MicroRNA regulation of osteogenic differentiation

Genever P
Biomedical Tissue Research Group, Department of Biology, University of York, York, YO10 5YW, Great Britain

Understanding molecular mechanisms that control differentiation of multipotent mesenchymal stromal cells or mesenchymal stem cells (MSCs) is central to the development of novel therapies. Many studies have successfully identified critical factors involved in initiating and maintaining lineage-specific transcriptional changes although the role of post-transcriptional gene silencing during differentiation remains unclear.
In the last decade, it has emerged that RNA may play a major role in the regulation of gene and protein expression in all eukaryotic cells. The transcriptome describes the repertoire of RNAs transcribed from the genome of a particular organism. Gene expression profiling, using defined cell populations, can determine which mRNA species are transcribed, the proteins they encode (though not necessarily translated) and the potential functional consequences. However mature mRNAs represent only about 2% of the total transcriptional output of complex genomes and there is growing evidence that non-coding RNAs profoundly influence gene expression profiles and therefore cellular function.

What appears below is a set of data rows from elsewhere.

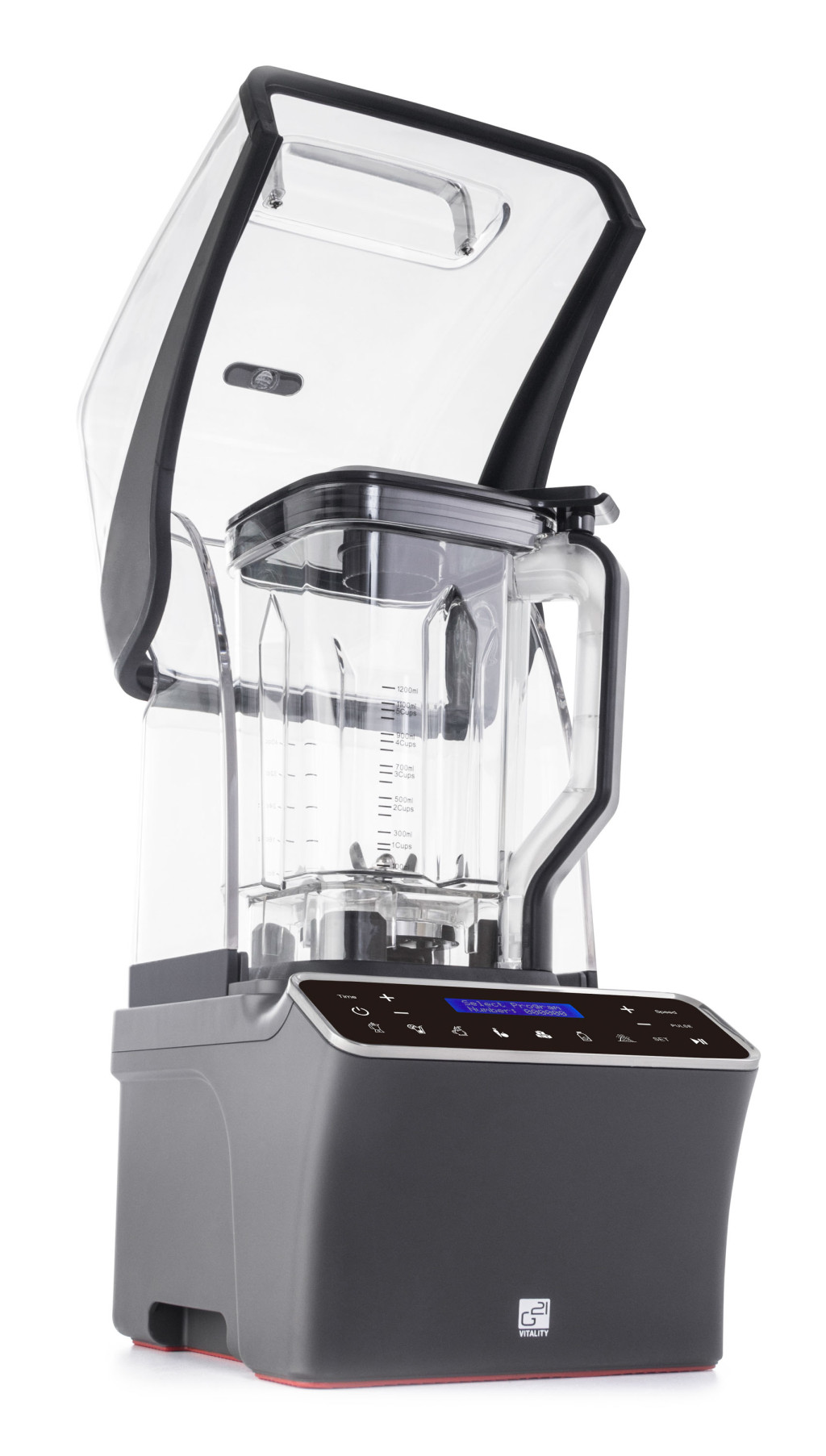 Multifunkciós vákuumasztalos keverő, 1 500 W, 28 000 fordulat/perc, 1,2 l-es tartály, érintőképernyő, előre beállított keverőprogramok, kever, aprít és őröl, hangszigetelt fedél, biztonsági zár. Tritan kopoliészter, fém fogaskerekek. Grafit fekete.
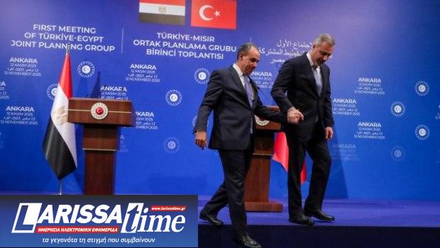 Ο υπουργός Εξωτερικών της Αιγύπτου, Μπαντρ Αμπντελάτι, επισκέφθηκε χθες Τετάρτη την Αγκυρα, όπου συναντήθηκε με τον τούρκο ομόλογό του Χακάν Φιντάν (δεξιά, στη φωτογραφία του Reuters/Cagla Gurdogan, επάνω, κατά την αποχώρησή τους πιασμένοι από το χέρι μετά την κοινή συνέντευξη Τύπου).
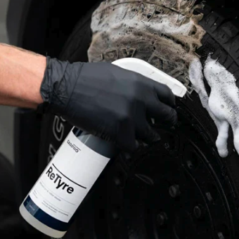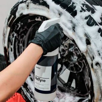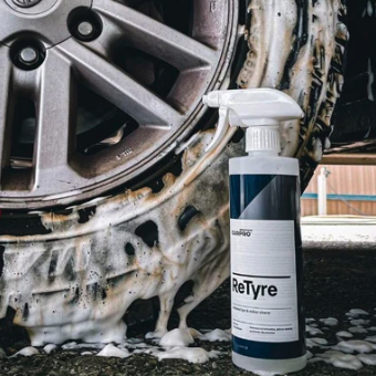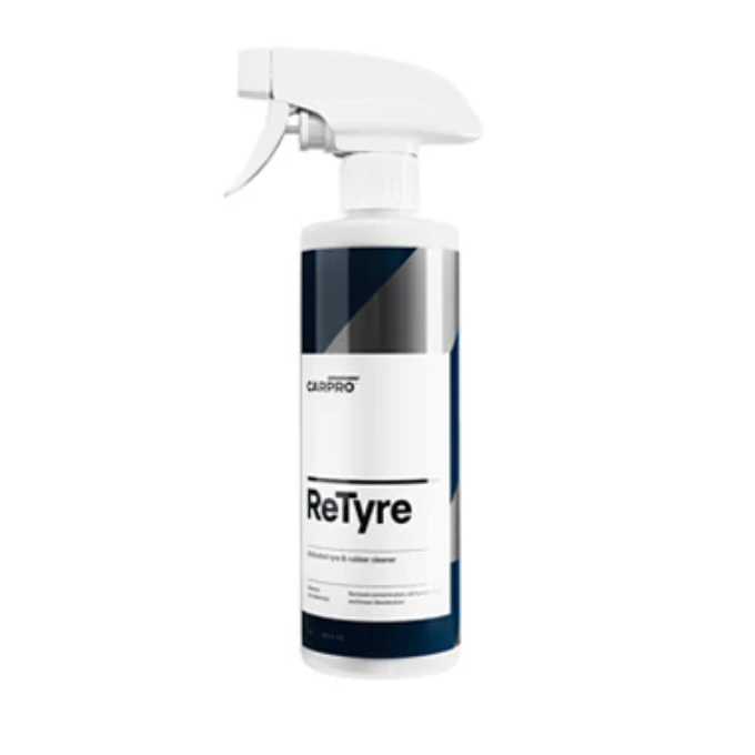 產品描述: 產地: 韓國制造 容量: 500ml CarPro ReTyre是一款專業強效的濃縮清潔劑,能有效去除輪胎表面積聚的輪胎亮澤劑、道路污垢和氧化物。它能恢復輪胎的全新外觀,為後續的輪胎密封劑、塗層或保護劑提供理想的表面。 使用方法: 確保輪胎表面乾淨,先用水徹底沖洗輪胎。 將 CarPro ReTyre均勻噴灑在輪胎上,讓其起泡並停留約30秒鐘。 使用中硬度的刷子將產品均勻刷在輪胎表面上。 徹底沖洗輪胎和刷子,直到輪胎表面的泡沫變為白色。 等待輪胎完全乾燥後,可以使用 CARPRO Perl、CARPRO Darkside 或 CQUARTZ BlackOut 進一步保護輪胎。
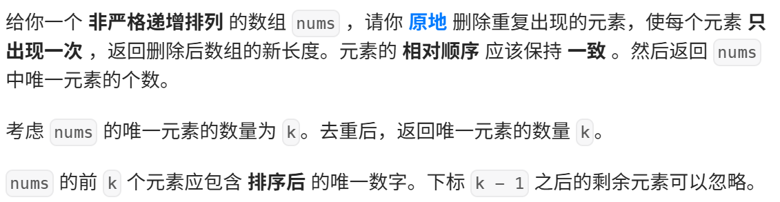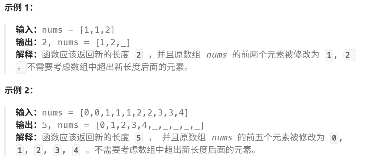 int removeDuplicates(int* nums, int numsSize) {//定义两个变量int dst=0;int src=dst+1;while(src!=numsSize){if(nums[src]!=nums[dst]){dst++;if(src!=dst){nums[dst]=nums[src];}}src++;}return dst+1;
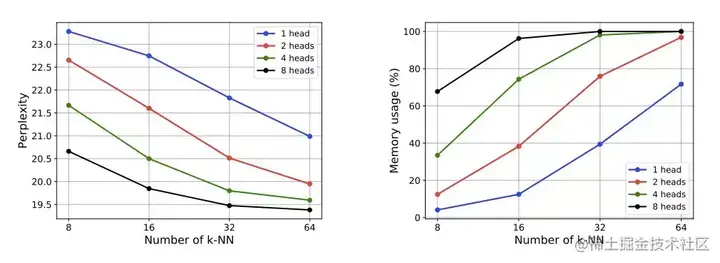研究人员还注意到。具有相同 h×k(h 是 head 数,k 是最近邻数)的模型具有相似的内存使用。比如,(h, k) ∈ {(1, 64),(2, 32),(4, 16),(8, 8)} 所有内存使用率约为 70%,困惑度约为 20.5。
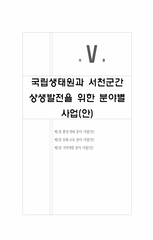 제Ⅴ 장 국립생태원과 서천군간 상생발전을 위한 분야별 사업 안 제1절 환경·생태 분야 사업 안 제2절 문화·교육 분야 사업 안 제3절 지역개발 분야 사업 안
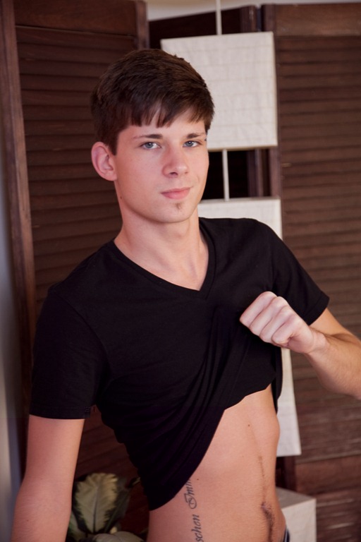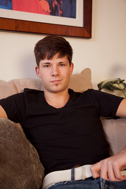 Aaron continued to stroke his rock hard cock as he fucked his hole with his new best friend.  Watch the look on Aaron’s face as he strokes his cock.  There are times that he barely looks 18 while other times you would think he was in his mid 20’s.  Aaron definitely isn’t new to sex and he proves it by working his cock until he sprays a thick load of come all over his lean chest and abs.  I will definitely try and get Aaron back for more.

MicroRNAs (miRNAs) are a superfamily of evolutionary conserved, small non-coding RNAs that bind to the 3’ UTR of mRNAs to inhibit protein translation. Consequently, miRNAs can influence a broad range of biological activities, which are instrumental in conferring tissue identity and function. We have determined the expression function of miRNAs during osteogenic differentiation of MSCs and osteoprogenitors in vitro. Expression was determined by microarray analysis of 984 known and predicted miRNAs using RNA isolated from undifferentiated cells or following differentiation in the presence of osteogenic supplements (dexamethasone, ascorbic acid and beta-gycerolphosphate) over 21 days. Differentiation was confirmed by induction of alkaline phosphatase, von-Kossa positive mineralisation and qRT-PCR, revealing temporally relevant changes in expression of osteogenic markers (cbfa-1, alkaline phosphatase, type-I collagen, osteopontin and osteocalcin). The analyses revealed constitutive and differentiation-dependent expression of different miRNAs. The functional role of miRNAs was determined using anti-mir microRNA inhibitors transfected into progenitors before osteogenic stimulation and bioinformatic analyses using predictive algorithms were used to identify potential miRNA targets. Our evidence suggests an important functional role of miRNAs during osteogenesis which may have pervasive implications for our understanding of MSC biology.